もう少し知識をつけて出直すべきなのか?とか考えたりします。

なので、参考になるかはわかりませんが、

先にAthenaに対する私の現段階の理解や知っていることを開示しておきます。

(1). 聖闘士星矢に出てきた(と思う)

(2). GodOfWarに出てきてクレイトスを裏切った(と思う)

(3). S3にputしたファイルに対しQuery実行ができる(と聞いた気がする)

もはや何も知らなかった方がよかったんではないかと思う惨状を呈したところで

では早速始めましょう。

 

2. Athenaとは

よくわかりません。失礼致します。

ということで、よくわかってないサービスを触る時に私がとるアプローチは以下が多いです。
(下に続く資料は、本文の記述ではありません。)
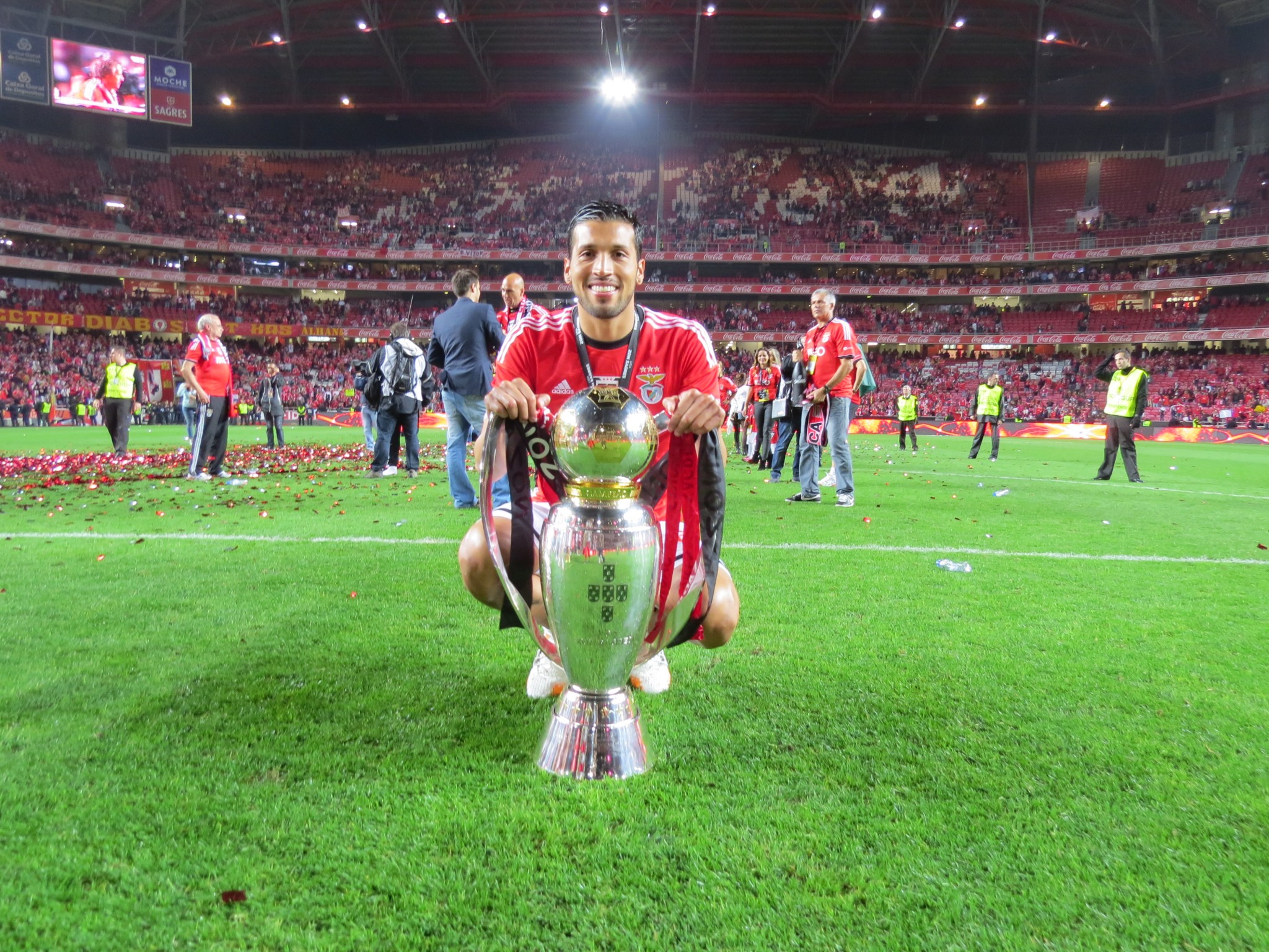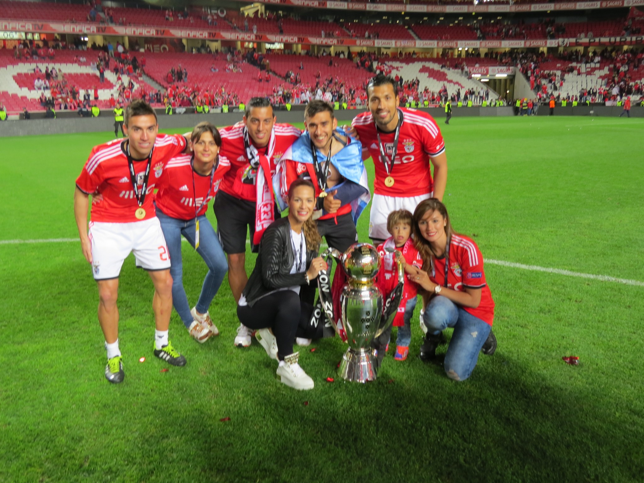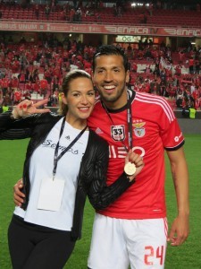 A apresentadora, que assistiu ao jogo na Luz ao lado da mãe, publicou várias imagens da festa do título. O casal vestiu camisolas idênticas, que Garay apenas mostrou no final da partida frente ao Olhanense, onde se podia ler “Somos Um”, que é o lema do jogador e de Tamara, conforme contou a mulher do craque no blogue.
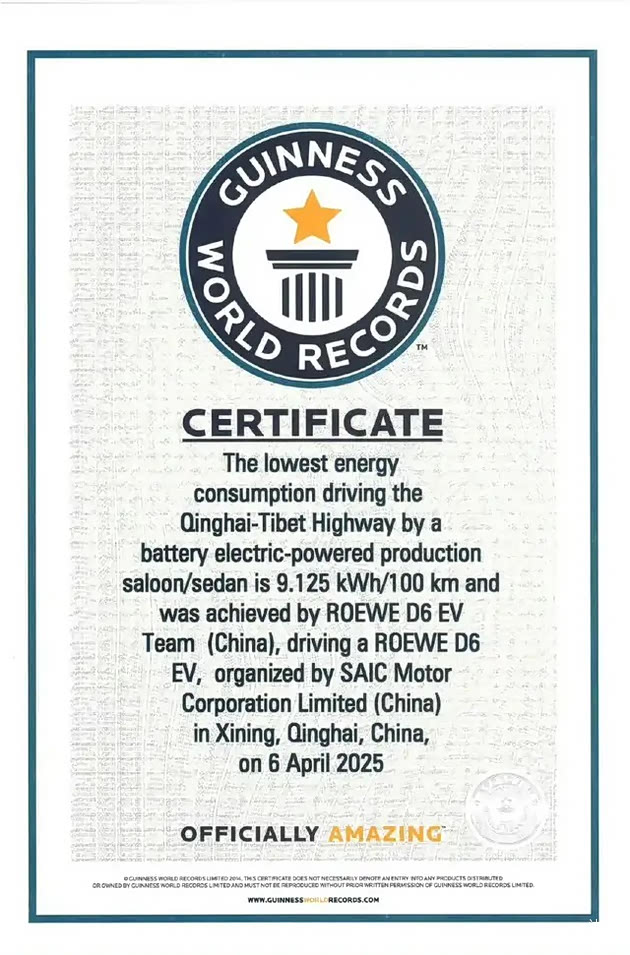 “科技是第一生产力”,这句话在当今时代愈发显得贴切。就在最近,中国纯电车技术再次传来振奋人心的消息——上汽荣威纯电D6以9.125kWh/100km的电耗,成功获得吉尼斯世界纪录认证,成为全球驾驶量产纯电轿车通过青藏公路能耗最低的车型。这一消息无疑给中国新能源车市场注入了一针强心剂,但与此同时,也引发了人们对于这一成就是否仅为噱头的讨论。

* slideshareでAWSの方が上げているその時一番読みやすくかつ、

 最新と思われる、該当サービスの資料(BlackBelt)を読む

 ※今回だとAmazon Athena 初心者向けハンズオンが自分には合っていたかもしれません。

* 上記と並行して公式ドキュメントで肉付けを行う

* ある程度輪郭が掴めたら実際に触ってみる

今回もそのアプローチに則ってやってみたいと思います。

 

2-1. Athenaの特徴

まずは、サービスの大きな特徴やポイントぽいものをメモを取りながら、

ざっくりと抑えていきます。

(1). S3上のデータ(ファイル)に対し、ANSI 標準SQLを利用できる

(2). データ(ファイル)に利用できる拡張子→サポートされる SerDes およびデータ形式(公式)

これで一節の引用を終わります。